Final answer:
Using Dalton's Law of Partial Pressures, the total initial pressure of gases A and B is 0.968 atm. For a precise calculation of the final pressure after adding a third gas, detailed information such as the temperature, gas constant, and identity of the third gas is necessary.
Step-by-step explanation:
Dalton's Law of Partial Pressures
To determine the total pressure in a container after adding a third gas, we apply Dalton's Law of Partial Pressures. This law states that the total pressure of a gas mixture is equal to the sum of the partial pressures of each component gas in the mixture.
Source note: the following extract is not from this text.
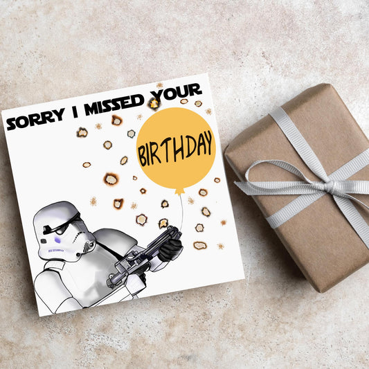 Stormtrooper Belated Birthday Card, Funny Missed Birthday Card, Sorry I Missed It Card
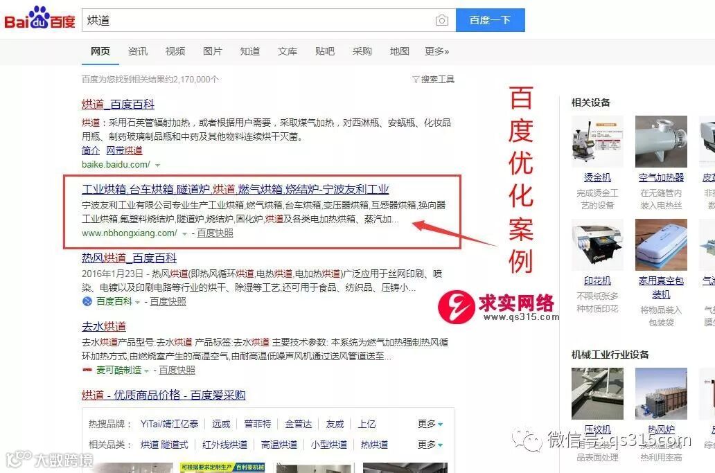 烘道、燃气烘箱等关键词均在百度首页。

In the provided scenario, gas A exerts a partial pressure of 0.292 atm, and gas B has a partial pressure of 0.676 atm. The total initial pressure is therefore 0.292 atm + 0.676 atm = 0.968 atm.
To find the partial pressure of the third gas, we use the ideal gas law (PV=nRT), where P is the pressure, V is the volume, n is the number of moles, R is the ideal gas constant, and T is the temperature in Kelvin. However, since the temperature and volume are constant, and R is a constant, the pressure exerted by the third gas is directly proportional to the number of moles of the gas. If we were given the gas constant and the temperature, we could calculate it exactly. Yet, in this question, we are not given these values, nor are we given what the third gas is.
Without the specific details needed to calculate the exact pressure of the third gas, we cannot calculate the final pressure in the container. More information is required to provide a complete answer.